И Откаленко, как всегда скупо и отрывисто, однако ничего не пропуская, доложил чуть не по часам все свои действия и все происшествия в далёком южном городе, закончившиеся арестом опасной воровской группы.
— Это уж, милый мой, на бандитскую группу тянет, — покачал головой Цветков и спросил у Игоря: — Наган сдал на экспертизу?
— Сдал.
— У кого ты его изъял?
— У Заморина. Кличка Директор. Главарь.
— Никого из них ещё не допрашивал?
— Нет. Сегодня же утром только взяли.
— Та-ак… — задумчиво произнёс Цветков. — Ну что ж, милые мои. Надо начинать работу. Фролов на месте, не звонил?
— Выехал в Тимирязевский район.
— Свяжись. Если не может сейчас приехать, по его поручению сами допросим всех троих, пока ещё тёпленькие, пока в голове у них всё вверх дном.
— Данные по ним хоть какие-нибудь есть? — поинтересовался Виталий. — Что за люди?
— Данных мало, — сдержанно ответил Откаленко, раскрывая принесённую папку. — Только о прежних судимостях. По две у каждого, кроме Ткачука. У того одна. Зелёный ещё. Из-за него-то, в общем, они и засыпались.
— Не из-за него, так ещё из-за чего-нибудь, — запальчиво возразил Виталий. — Всё равно мы бы их взяли. Подумаешь, неуловимые.
— И такие попадаются, — угрюмо возразил Откаленко. — Не знаешь, что ли?
— Только когда мы плохо работаем, — отпарировал Лосев. — Тогда попадаются и неуловимые, тогда их всю жизнь искать можно.
— Ну ладно, — остановил их Цветков, — бесполезный разговор. — Он обернулся к Откаленко: — Звони в Тимирязевский.
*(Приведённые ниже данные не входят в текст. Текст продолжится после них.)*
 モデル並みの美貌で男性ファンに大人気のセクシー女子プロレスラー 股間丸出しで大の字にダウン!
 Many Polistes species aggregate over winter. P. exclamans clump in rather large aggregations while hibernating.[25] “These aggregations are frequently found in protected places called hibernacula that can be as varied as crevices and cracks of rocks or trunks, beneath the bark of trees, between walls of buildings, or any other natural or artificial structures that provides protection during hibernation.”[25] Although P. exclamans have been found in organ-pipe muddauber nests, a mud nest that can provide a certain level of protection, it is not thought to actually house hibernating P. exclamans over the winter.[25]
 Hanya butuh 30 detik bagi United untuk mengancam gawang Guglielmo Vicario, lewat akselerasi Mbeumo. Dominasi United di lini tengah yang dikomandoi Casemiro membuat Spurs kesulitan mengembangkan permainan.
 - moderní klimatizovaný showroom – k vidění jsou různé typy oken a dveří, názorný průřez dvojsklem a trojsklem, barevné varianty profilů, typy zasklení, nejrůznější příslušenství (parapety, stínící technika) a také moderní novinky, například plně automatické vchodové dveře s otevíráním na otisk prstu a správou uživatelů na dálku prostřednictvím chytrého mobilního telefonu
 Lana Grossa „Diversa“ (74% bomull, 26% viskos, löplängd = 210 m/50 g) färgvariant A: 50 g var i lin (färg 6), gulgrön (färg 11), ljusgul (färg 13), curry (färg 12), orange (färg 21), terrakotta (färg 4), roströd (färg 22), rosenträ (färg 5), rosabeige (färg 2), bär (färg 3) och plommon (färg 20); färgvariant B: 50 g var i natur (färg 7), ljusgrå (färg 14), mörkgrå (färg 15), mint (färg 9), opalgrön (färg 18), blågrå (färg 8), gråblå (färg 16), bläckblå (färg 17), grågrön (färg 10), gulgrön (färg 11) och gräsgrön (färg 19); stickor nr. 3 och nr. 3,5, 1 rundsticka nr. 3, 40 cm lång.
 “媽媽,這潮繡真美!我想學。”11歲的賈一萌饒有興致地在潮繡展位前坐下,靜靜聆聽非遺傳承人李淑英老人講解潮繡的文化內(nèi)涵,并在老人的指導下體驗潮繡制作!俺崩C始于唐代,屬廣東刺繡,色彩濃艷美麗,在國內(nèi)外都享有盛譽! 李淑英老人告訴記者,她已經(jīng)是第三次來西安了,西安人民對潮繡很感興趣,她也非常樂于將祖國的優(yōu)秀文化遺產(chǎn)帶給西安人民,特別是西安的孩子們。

По этому, — и кивнул на свой телефон.
Пока Откаленко дозванивался, Виталий успел доложить о своей поездке к Филипенко и посещении ресторана, включая и случайную встречу с Потехиным и Левицким.
— Значит, убитый опознан… — задумчиво произнёс Цветков. — Что ж, на мой взгляд, версия с Гороховым вполне основательна. Может, и ссора у тех двоих произошла из-за этого убийства, как думаешь?
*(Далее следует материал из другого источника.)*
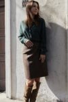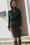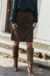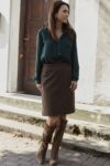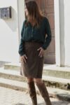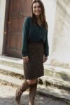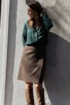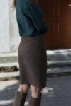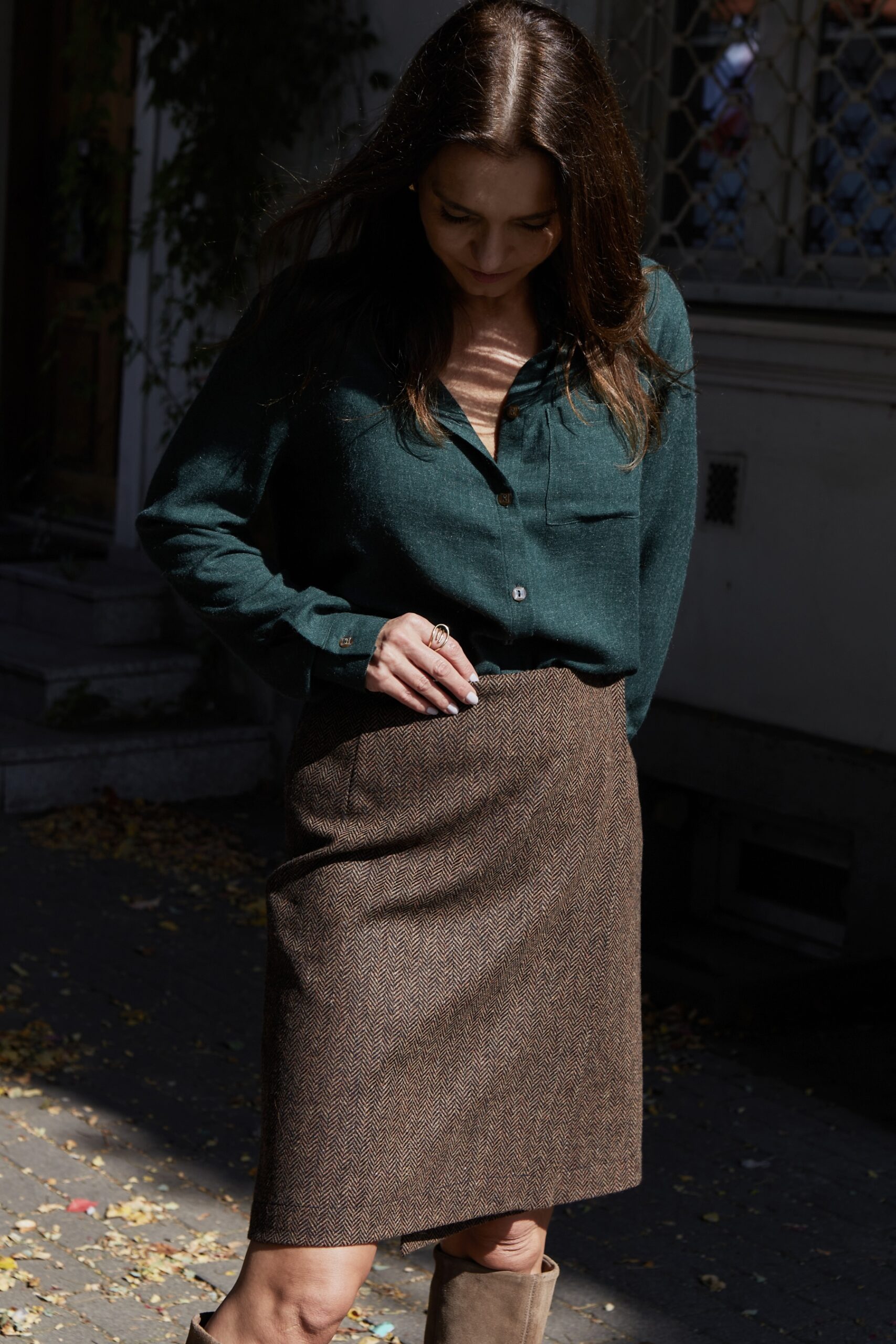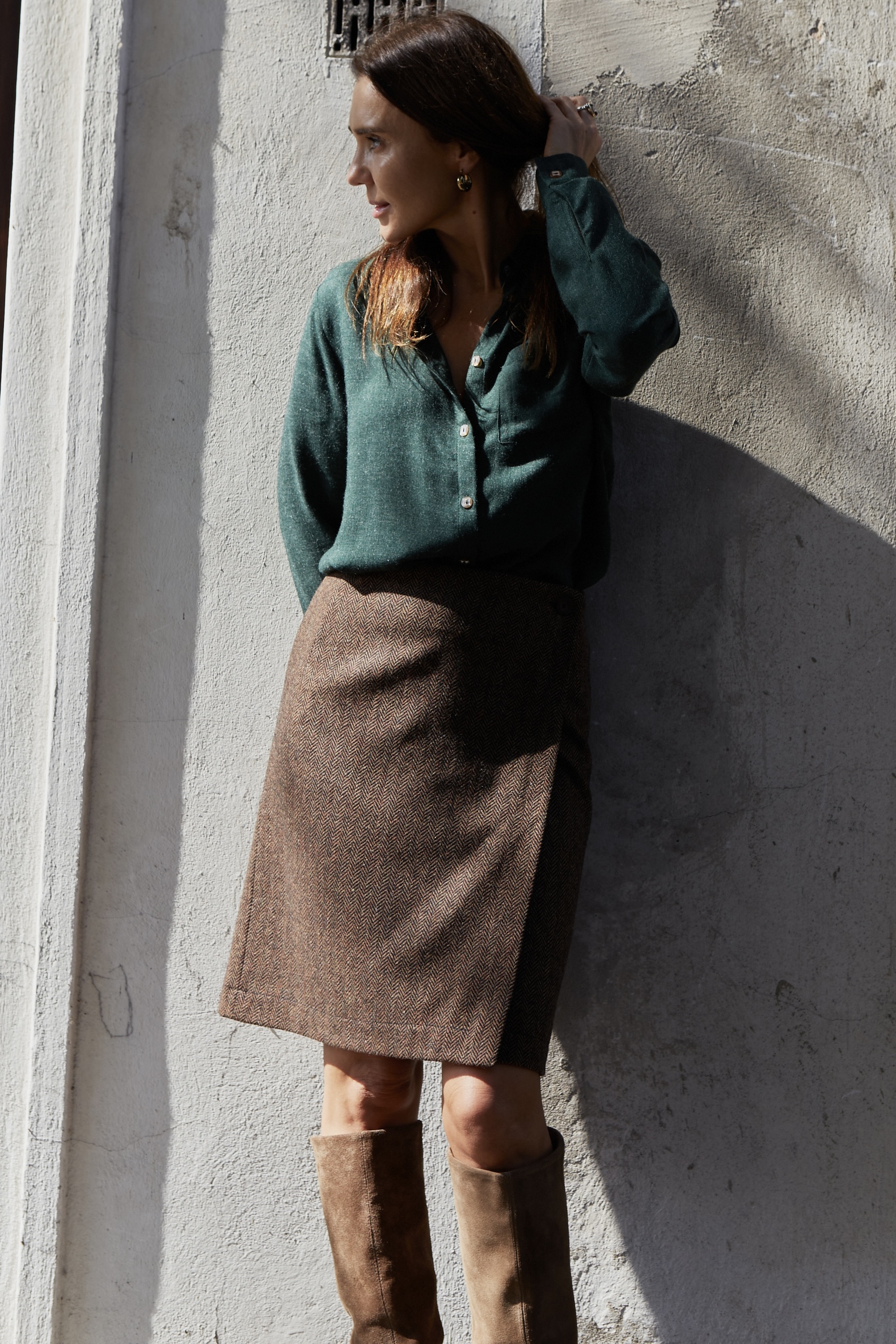 Prosta, kopertowa spódnica uszyta z wysokogatunkowej wełny w ciemno brązową jodełkę, na wiskozowej podszewce. Spódnica jest zapinana na guzik od zewnątrz i od spodu. Posiada po dwa guziki od spodu i dwa na zewnątrz, co pozwala na dodatkową regulację. Szerokość można regulować zapinając na wybrany guzik, w zależności od rozmiaru. Idealna na wiele okazji. Pasuje zarówno do sportowych butów jak i do eleganckich szpilek, kozaków. Made in Poland. Garmatura wełny: 190 g/m2.

— Очень возможно, Фёдор Кузьмич, — согласился Виталий и, помедлив, добавил: — А Левицкий, кажется, и в самом деле сопливая баба.
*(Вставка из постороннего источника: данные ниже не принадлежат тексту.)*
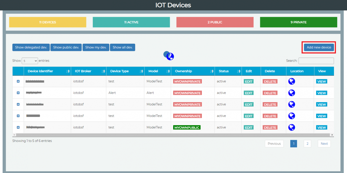 - Manage IoT Device Model and Device Data Type ownership and access grant. This permits assignment/changing of the ownership and the creation of access grants to the entities (IoT Brokers, Devices, and Data Models). In delegation management, it must be possible to grant, list and revoke them. According to GDPR, any entity must start as private of the owner. The delegation should be possible for organizations, groups of users, and single users and can be different types. In particular, it can be about: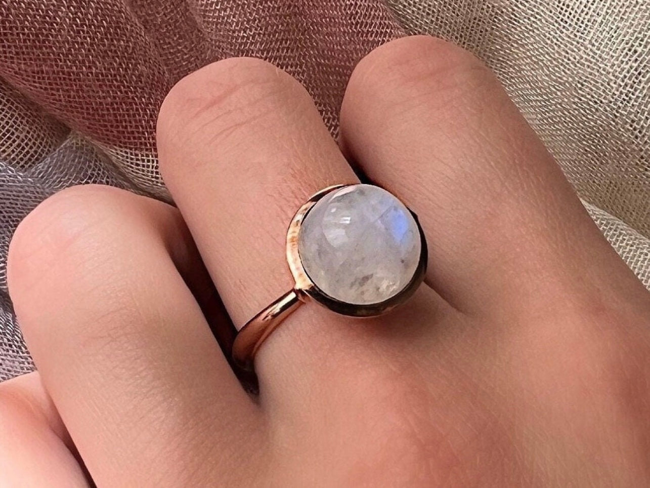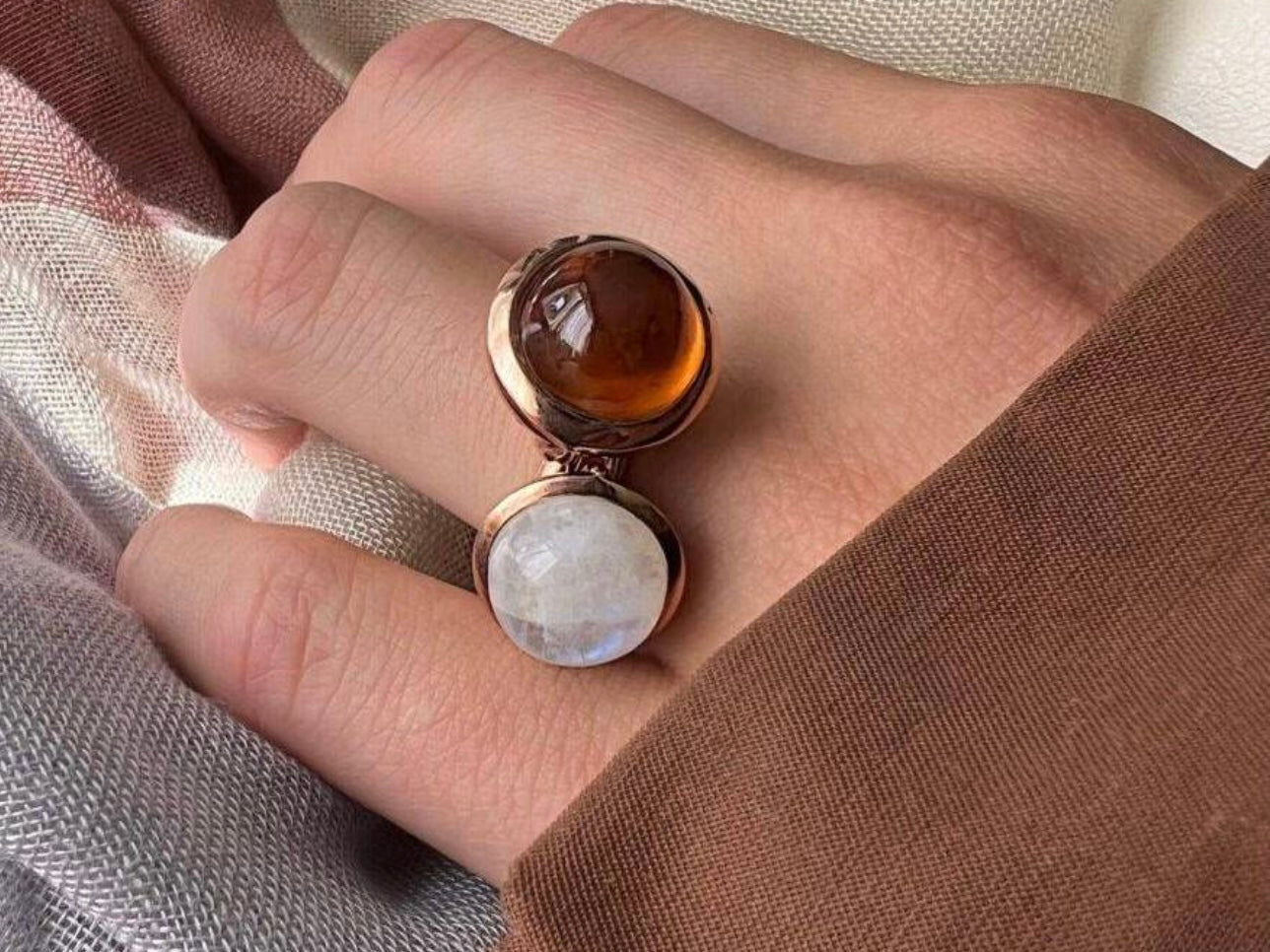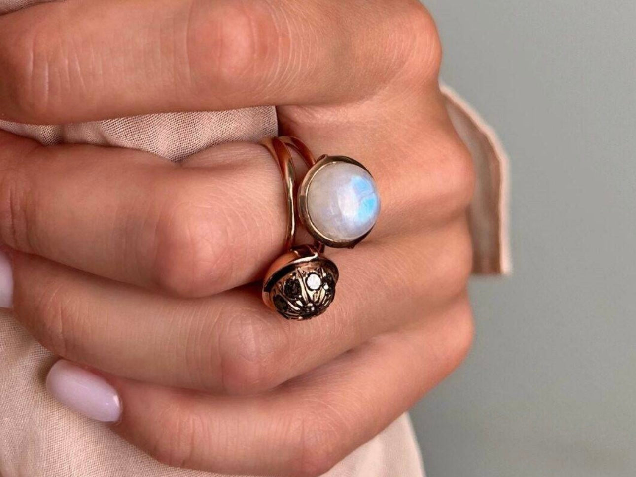 Rainbow Moonstone Large Sphere Ring

— Казаться тебе это не может, ты и двух слов с ним не сказал и знать о нём ничего пока не знаешь.
— Но я видел его лицо, когда они ссорились. Такое, знаете, одновременно растерянное, капризное, испуганное, что… Как бы вам это сказать…
— Уже сказал, — усмехнулся Цветков и, казалось бы, без всякой связи с предыдущим, спросил: — Как ты с этой Майей, договорился?
— Завтра вечером, у фонтана, — улыбнулся Виталий. — Почти по Пушкину.
Цветков собрался было что-то сказать, но, увидев, что Откаленко повесил трубку, спросил его:
— Ну что?
— Допрос ведёт, — ответил Откаленко. — Приехать никак не может, даёт поручение вам. — Он сдержанно усмехнулся.
— Что ж, принимаем, — удовлетворённо кивнул Цветков, кажется, даже не заметив этой усмешки. — Сразу берёмся за всех троих одновременно. Я — тут, ты, Лосев, у себя, а ты, Откаленко, иди в комнату Шухмина. Они сейчас на задании все. Ты кого будешь допрашивать, Откаленко, первый решай?
— Мне только Ткачука допрашивать не с руки. А дальше всё равно.
— Наган у кого, ты говоришь, был, у Заморина?
— Да.
— Давай его мне, этого Заморина. Тебе — Кикоев, а тебе, Лосев, остаётся Ткачук.
Цветков снял трубку внутреннего телефона и набрал короткий номер.
А Виталий направился к себе, перебирая в уме то немногое, что смог сообщить ему Откаленко про Олега Ткачука по кличке Махно.
«Ты помни, — сказал напоследок Цветков, — этих двоих мы с Откаленко на первом допросе вряд ли расколем. А время нас, сам знаешь, как поджимает. Поэтому я в первую очередь от тебя сейчас результата жду. Самое главное — кто им дал в Москве подвод под квартиру Потехина, понял ты меня?» И Виталий ответил: «Понял». И вполне ощутил меру своей ответственности в этот момент.
Но что же было ещё известно о Ткачуке, что ещё мог сообщить Игорь?
Однако Виталий уже не успел больше поразмышлять на этот счёт. Раздался аккуратный стук в дверь, и она тут же распахнулась. На пороге возник конвойный милиционер.
— Арестованный Ткачук доставлен, — доложил он. — Разрешите завести?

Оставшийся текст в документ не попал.